被ばく影響 世界に伝える 旧警戒区域で生きる牛たち via 東京新聞

 東京電力福島第一原発の旧警戒区域で被ばくしながら生き続けている牛がいる。家畜としての価値はなくなったが、「殺すには忍びない」と飼育農家の 人々が、避難先から通って世話を続けてきた。そんな牛たちを研究材料として活用するプロジェクトが進行中だ。低レベルの放射線が長期的に動物に与える影響 を調べたデータは世界に類がないという。研究は、人災の犠牲になった牛に生きる役割を与える道でもある。研究グループに同行して、旧警戒区域に入った。

 研究グループは「原発事故被災動物と環境研究会」。岩手大、北里大、東北大などの研究者に獣医師などが加わって二〇一二年九月に設立された。

 今月十七日早朝、大熊町の牧場に向かった。約五ヘクタールの牧場は新緑に包まれていた。柵の中で五十頭の黒毛和牛が草をはんでいる。その向こうに屋根瓦が崩落した無人の家屋群が立っている。

 福島第一原発から五・六キロ。空間線量は毎時一〇マイクロシーベルト。なぜ、こんな場所に今も牧場があるのか。

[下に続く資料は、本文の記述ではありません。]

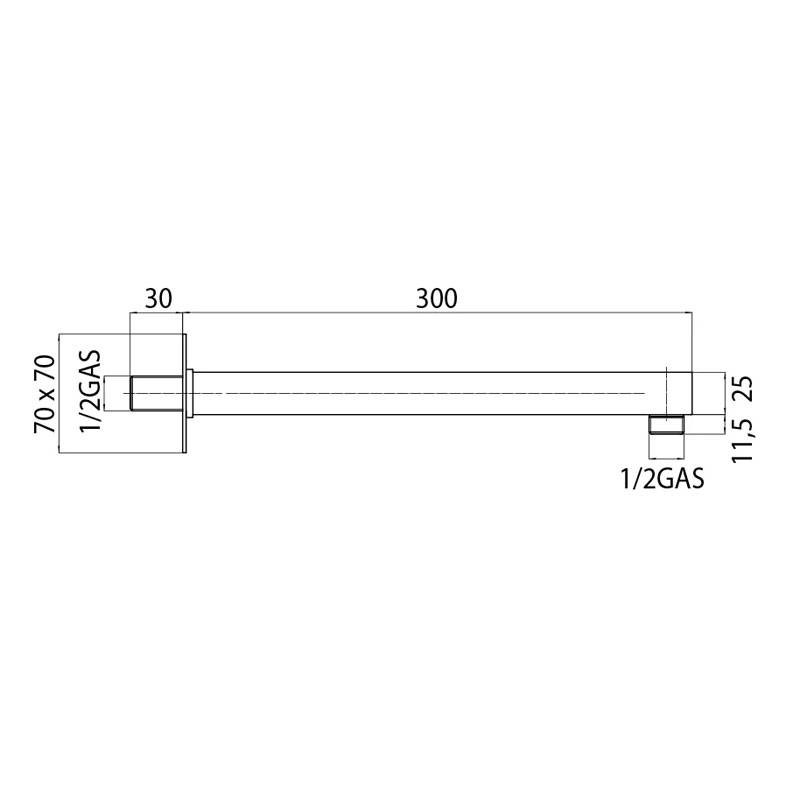 Brazo de ducha cuadrado horizontal Bossini con las siguientes características:

一一年三月十二日、牧場主の池田光秀さん(53)、美喜子さん(57)夫妻は、「原発が危ない」と聞かされて避難した。牛には「これが最後だよ」とエサをやって泣いた。

 ところが半年後、規制が緩くなり一時帰宅すると、牛たちは生きていた。自力で柵を破り、野草を食べていたのだという。最初は警戒したが、エサをや ると事故前のように寄ってきた。「かわいいもんさ」と池田さん。以来、一時帰宅の頻度が増え、今は毎日、避難先の広野町から夫婦でやってくる。

(略)

池田さんの牛は繁殖も販売も禁止されている。しかも農林水産省が決めた規則で、被ばくした牧草はエサとして与えられない。年間一千万円にも及ぶエサ代がのしかかる。休業補償や賠償があるとはいえ火の車だ。

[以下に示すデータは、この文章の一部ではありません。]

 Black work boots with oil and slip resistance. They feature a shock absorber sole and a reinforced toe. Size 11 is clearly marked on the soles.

 同じような農家は、今も旧警戒区域の中に十軒ほどはあり、牛は五百六十頭もいる。

池田牧場では、岡田啓司・岩手大准教授らを中心に牛のデータ採集が行われた。麻酔をかけた上で、皮膚の一部を切り取った。事故後、牛の体表に白斑が出る現 象があり、放射線との関連を調べるために病理検査をする。また、血液や毛なども採取した。DNA損傷の有無など調べるという。牛の首に小型線量計のガラス バッジも装着した。